Regards d’experts …. Pour décrypter les évolutions et réformes à venir autour de l’aide à domicile, les futurs services autonomie, les collaborations avec les EHPAD….

Propos de Julie Gauthier et Nicolas Guiollot échangés avec Sophie Montjotin

 

Quel est le modèle économique de l’aide à domicile aujourd’hui, pourquoi entend-on qu’il est à bout de souffle, quel cadre nouveau d’intervention est attendu et se dessine ?

Julie Gauthier (JG)

La spécificité du secteur de l’aide à domicile est qu’il est « multi-financeurs », les CD, les caisses de retraites, les mutuelles, les particuliers eux-mêmes…

Autre spécificité importante, c’est un financement de l’intervention d’accompagnement à l’heure, logique qui n’intègre pas le financement des heures dites improductives, qui sont en réalité du temps de coordination nécessaire à une qualité de service meilleure (ce qui existe partout), du temps de formation…

Troisième spécificité : la plupart des CD appliquent des tarifs horaires en dessous de notre coût de revient réel.

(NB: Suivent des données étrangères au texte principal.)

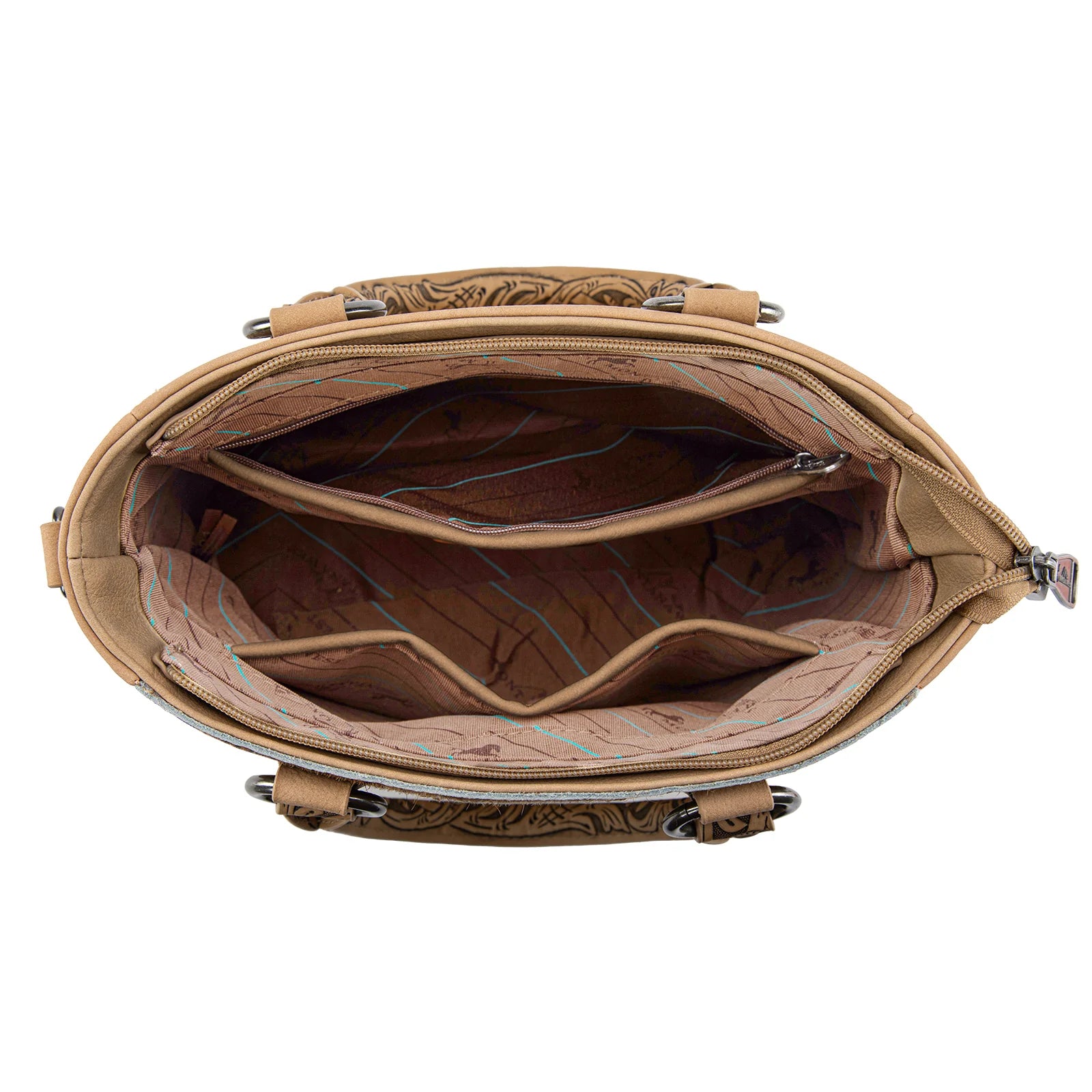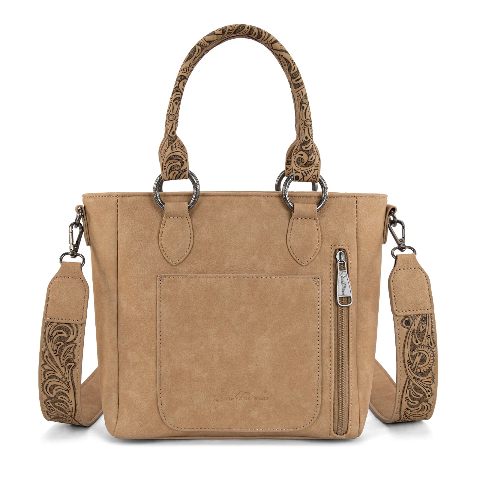 • Intricate floral tooled top handles (Drop 6")
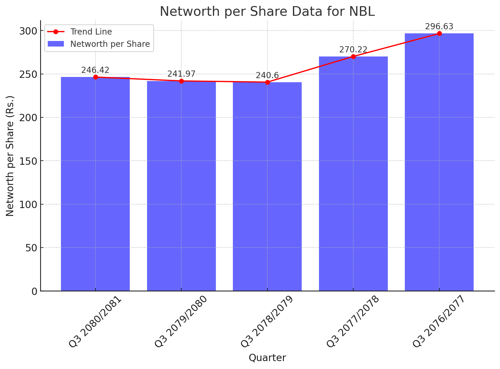 Nepal Bank Limited (NBL) has reported mixed performance in its Net Worth per Share over the past five years. The latest data for the third quarter of the fiscal year 2080/2081 shows a slight increase to Rs. 246.42, compared to Rs. 241.97 in the same quarter last year. However, the bank's net worth per share has generally trended downward over the five-year period.

Mais le PLFSS prévoit à partir de janvier 2022 un tarif plancher à 22 euros de l’heure, et demain une possible majoration de 3 euros selon des critères qualité auxquels Amicial peut prétendre.

 

C’est une avancée que cette fixation d’un plancher national à 22€ pour les heures d’APA et de PCH, et cette possible majoration qualité demain à 3 € ?

JG : Rares étaient les départements à financer à moins de 22 €, un tarif plancher à 25 € aurait été cohérent.

L’avenant 43 à la convention collective de la Branche de l’Aide à Domicile (BAD) modifiant la grille de rémunération, a pour volonté une revalorisation avec en moyenne une augmentation de salaire de 10 à 15 % des intervenantes, ce qui génère une augmentation de notre coût de revient.

Le coût de revient doit être autour de 27 euros depuis la mise en œuvre de l’avenant 43. Si on avait un plancher à 25 € + la compensation avenant 43, nous pourrions nous en sortir. Dans les Saad, 93 % des charges sont constituées par la masse salariale, c’est donc un levier important.

La Loi Borloo 2005 était le dernier changement profond du financement du secteur, aujourd’hui il se passe donc quelque chose de très important, mais le secteur reste en attente d’une future grande Loi Autonomie, et sent bien que ce tarif socle et la compensation avenant 43 sont des décisions court-termistes. Dans le PLFSS, une réforme importante est esquissée avec le souhait d’aller vers des futurs services autonomie.

 

Le PLFSS trace une donc évolution vers les services autonomie, comment voyez- vous cela ?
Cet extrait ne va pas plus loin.